Внизу лежала земля. Опрокинутая навзничь, распростертая и отданная леденящему свету. Невидимая неподвижность сочилась с небес и заполняла все укромные уголки, дупла, ямки под корнями, расщелины в скальных обрывах над Завоей, внутренности деревьев, тела зверей, человечью плоть, пористую структуру камней, стены, дома, стебли сухих трав, снопы, запасы еды, собачьи конуры, кошачьи чердаки, мысли, сны и страхи перед засыпанием; все вдруг теряло свою изменчивую природу, стремилось к неизменности, к воплощению грез, туда, где альфа сплетается с омегой, а сущность пронизывает существование, как сладостная дрожь — ступни и ладони пьяного на морозе.

Снег люциферически искрился.
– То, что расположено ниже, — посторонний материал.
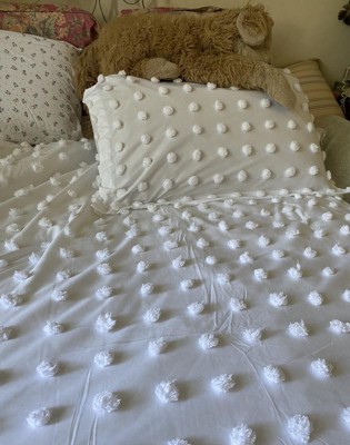 [This review was collected as part of a promotion.] This soft, pretty comforter is the kind of bedding that updates the look of my entire bedroom. The bright white-on-white fabric with whimsical pom poms is such a clean look, and this set is beautifully made. I was worried that the pom poms would come off but they’re securely fastened and add such a pretty texture. I washed the comforter and pillow case and they came out of the wash fluffy and perfect. Note: the comforter and sham feel like cotton but are actually made of 100% polyester fabric; the front is slightly textured, and the back is silky smooth. The comforter is stuffed with 100% polyester filler, which is lightweight and warm. I love that the comforter comes with a matching pillow sham, which ties everything together. Wonderful design and quality workmanship!
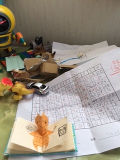「子ども未来塾」で子ども達と一緒に作った作品や課題のプリントがどんどんたまります。
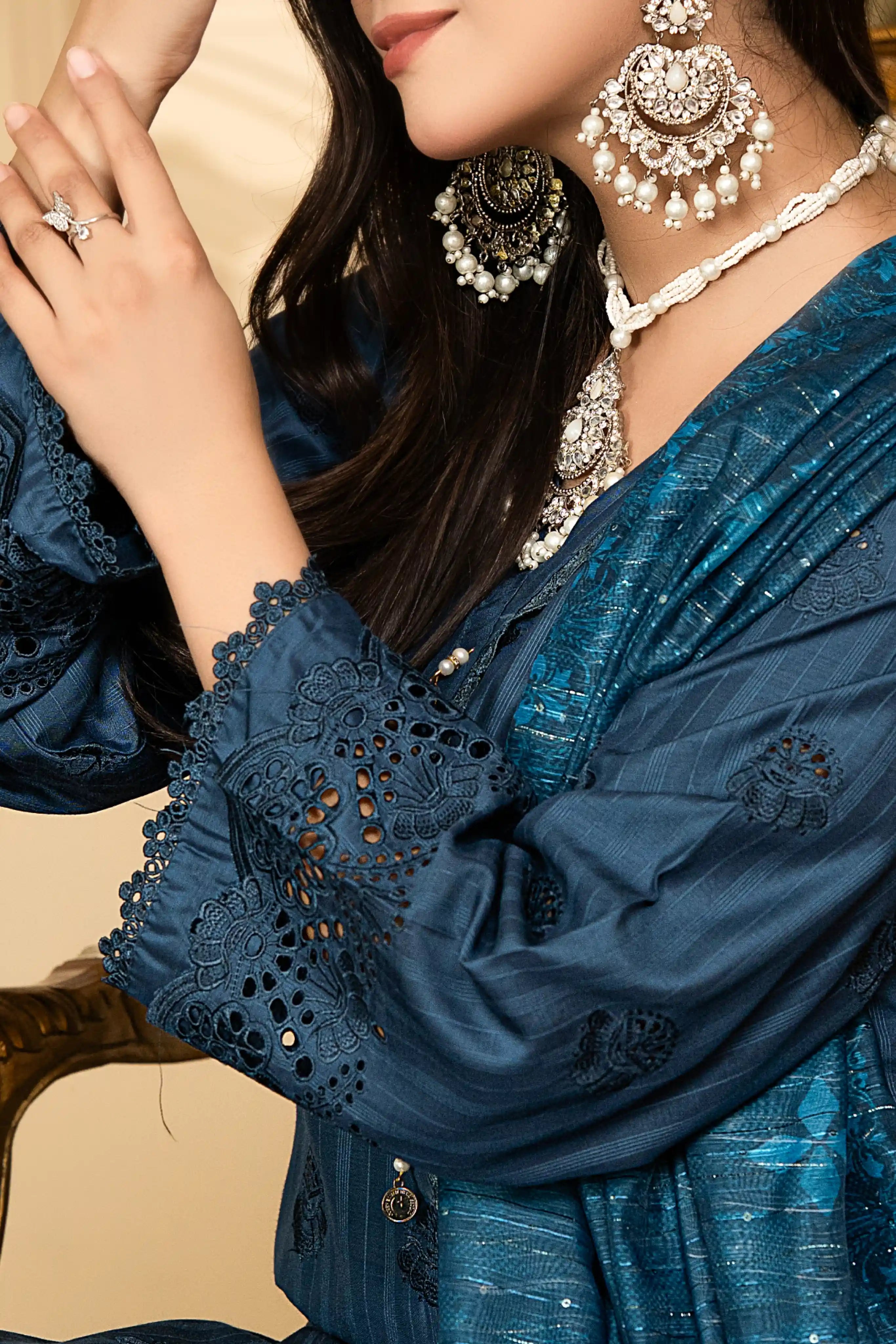 • Detailed embroidered daman design
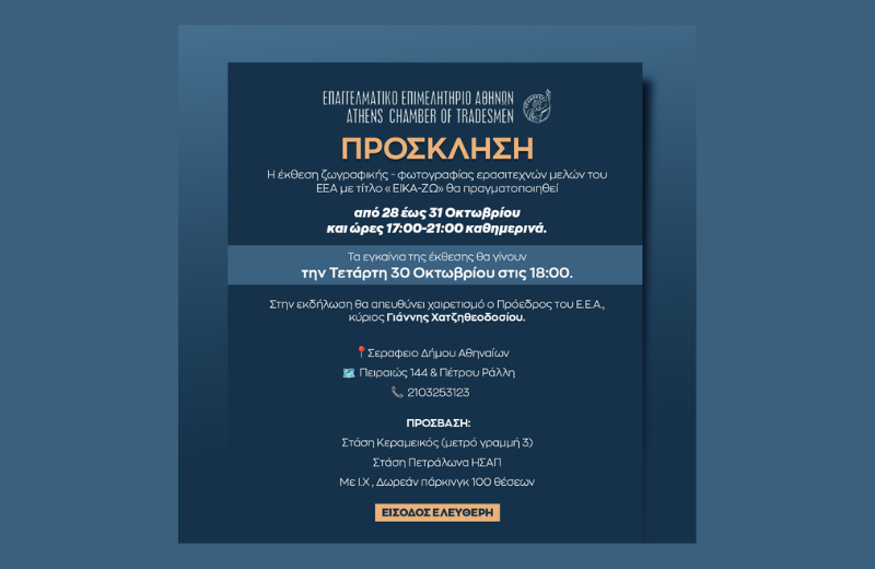 Το Επαγγελματικό Επιμελητήριο Αθηνών και η Δημιουργική Ομάδα Καλλιτεχνών του Ε.Ε.Α. πραγματοποιούν, 28-31/10, την πρώτη τους έκθεση ζωγραφικής & φωτογραφίας, στο «ΣΕΡΑΦΕΙΟ» Κέντρο Πολιτισμού του Δήμου […]

Соблазн всегда облекает себя в одежды эстетики. Звезды мерцали сверкающими иголочками. Вещи беспредельные, равнодушные и прекрасные зовут нас к самому своему краю и, быть может, наблюдают, как мы колеблемся над пропастью, одинаково одолеваемые желанием и страхом. Ртутный свет луны стыл и дрожал в долине у наших ног. Выразительность темного пейзажа преодолевала его реальность. Мы слышали собак. Гавканье доносилось с юга, но никакой деревни там не было, так что этот лай, очевидно, блуждал среди замерзших просторов воздуха, словно обратившаяся в звук фата-моргана. Возможно, застывшее пространство сохранило эти отголоски с прошлой зимы, и наша вялая беседа полушепотом тоже должна быть сохранена, и нас услышат люди через год или через сто лет. Наконец усилием воли мы заставили себя двинуться дальше. Было что-то трусливое в этой нашей суетливости. Мы пытались ускользнуть черным ходом. Вроде каких-то усердных земляных созданий, занятых сохранением крупицы тепла в теле, в то время как весь остальной мир просто существовал и великодушно расточал себя.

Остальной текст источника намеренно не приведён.